PURPOSE: Tuberculosis is one of the leading infectious diseases in adults, causing around 3 million deaths annually. Research on understanding the host defense and immunopathogenesis of tuberculosis is necessary because there is an urgent need for a new vaccine and adjunctive immunotherapy, particularly in patients with drug resistant Mycobacterium tuberculosis infection. Recently, many aspects of cytokine dynamics in patients with active pulmonary tuberculosis have been investigated through ex-vivo studies with specific or crude mycobacterial antigens, or M. tuberculosis.
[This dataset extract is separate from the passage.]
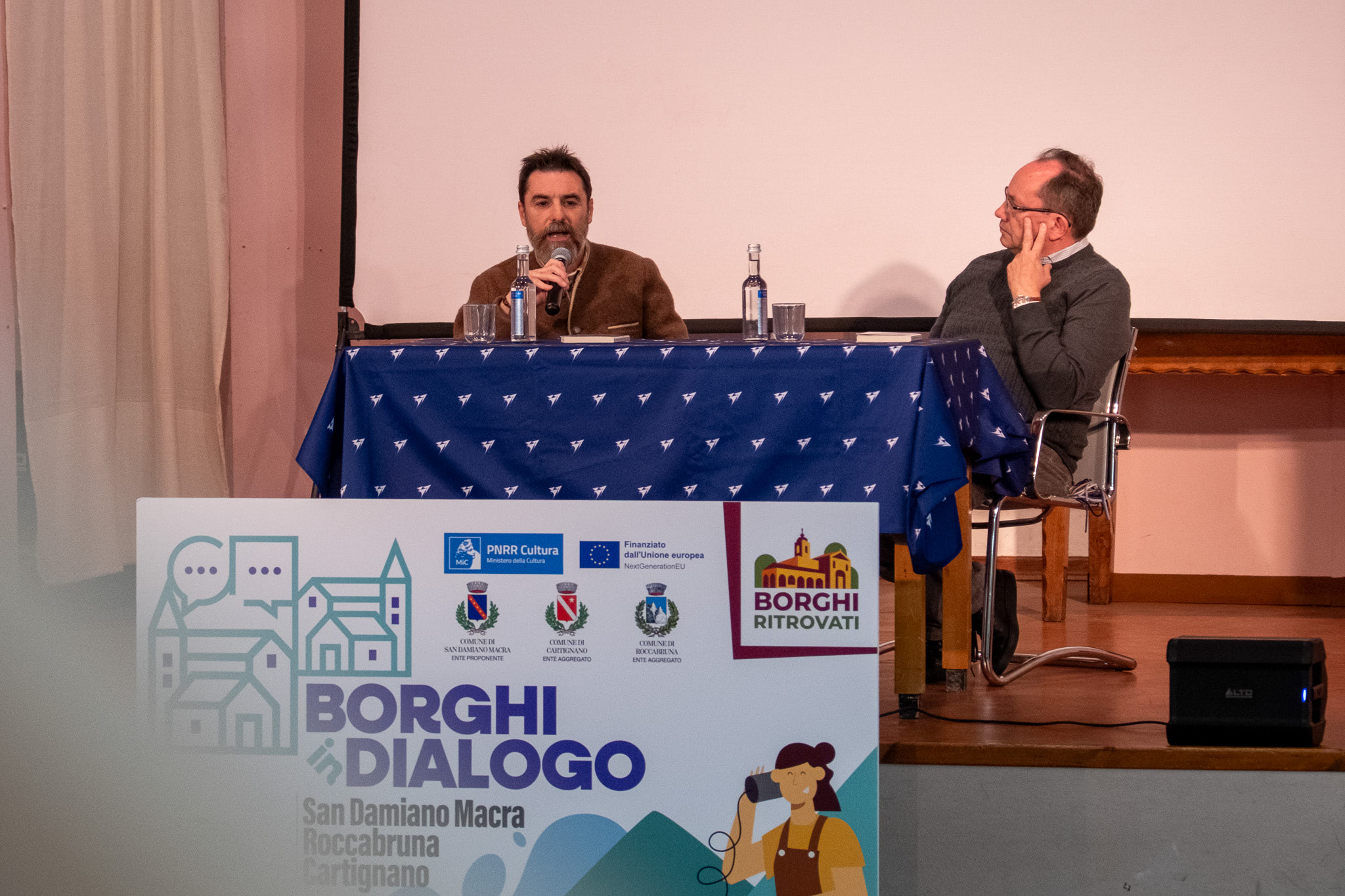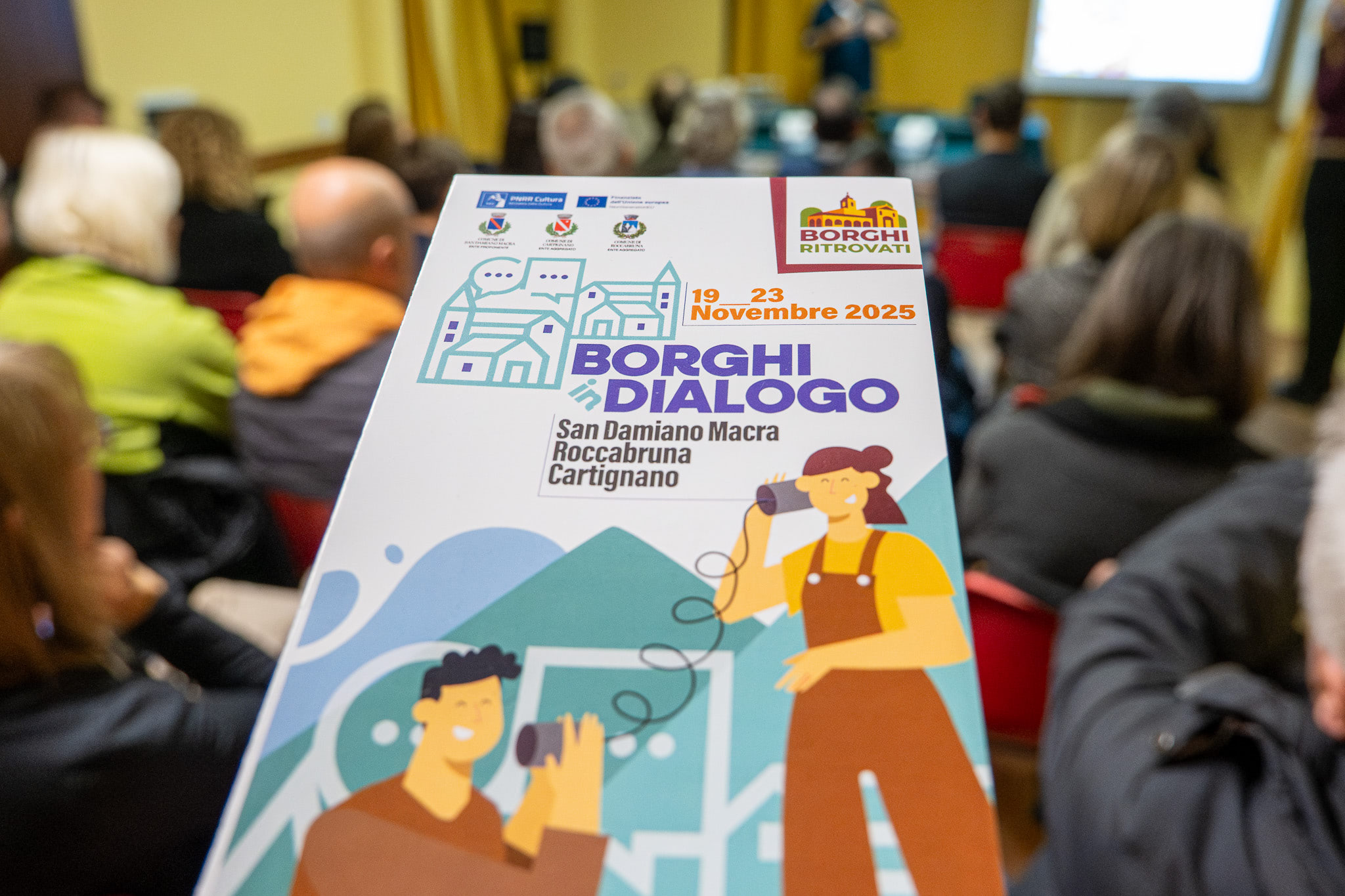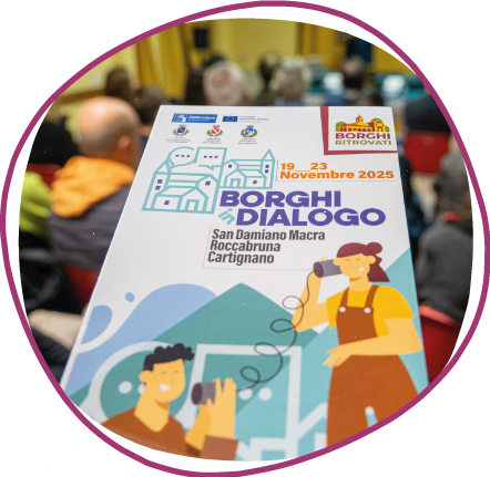 Borghi in Dialogo è un progetto culturale diffuso che ha coinvolto i Comuni di San Damiano Macra, Roccabruna e Cartignano, con l’obiettivo di promuovere occasioni di incontro, confronto e partecipazione all’interno delle comunità della Valle Maira. Il progetto si inserisce nel percorso di valorizzazione culturale e sociale del territorio e si collega idealmente a precedenti esperienze di dialogo e riflessione sviluppate in ambito vallivo.

METHODS: We used whole blood culture method in order to evaluate IL-12 and TNF-alpha productions in active TB patients, tuberculin skin test positive and negative healthy controls. We investigated the productions of IL-12, TNF-alpha in response to nonspecific mitogens and M. tuberculosis specific antigens. We used many tuberculous antigens for stimulation. The tuberculous antigens are culture filtrate proteins (CFP), purified protein derivatives (PPD), antigen 85A M. tuberculosis proteins (Ag85A), early secretory antigen target-6 (ESAT-6), 38k Dalton antigen (38kDa), RNA polymerase [beta] subunit B1 (rpoB1), RNA polymerase [beta] subunits B2 (rpoB1), arabinofuranasyl lipoarabinomannan(araLAM), manosyl-capped lipoarabinomannan(manLAM), and non-specific mitogens are concanavalinA(ConA), lipopolysaccaride(LPS), phytohaemagglutinin(PHA). In addition, we monitored the changes of each cytokine production in TB patients during the course of therapeutic treatment.

RESULTS: In our study, production of IL-12, TNF-alpha to nonmannose-capped lipoarabinomannan(araLAM) increased significantly in active tuberculosis patients compared to healthy controls, After 2 month, production of IL-12, TNF-alpha to araLAM decreased significantly throughout the therapeutic periods.

CONCLUSION: Our study suggest that productions of IL-12, TNF-alpha plays a important role in the pathogenesis and treatment of tuberculosis.

CLINICAL IMPLICATIONS: Whole blood culture method to IL-12, TNF-alpha may be used in the diagnosis of active pulmonary tuberculosis.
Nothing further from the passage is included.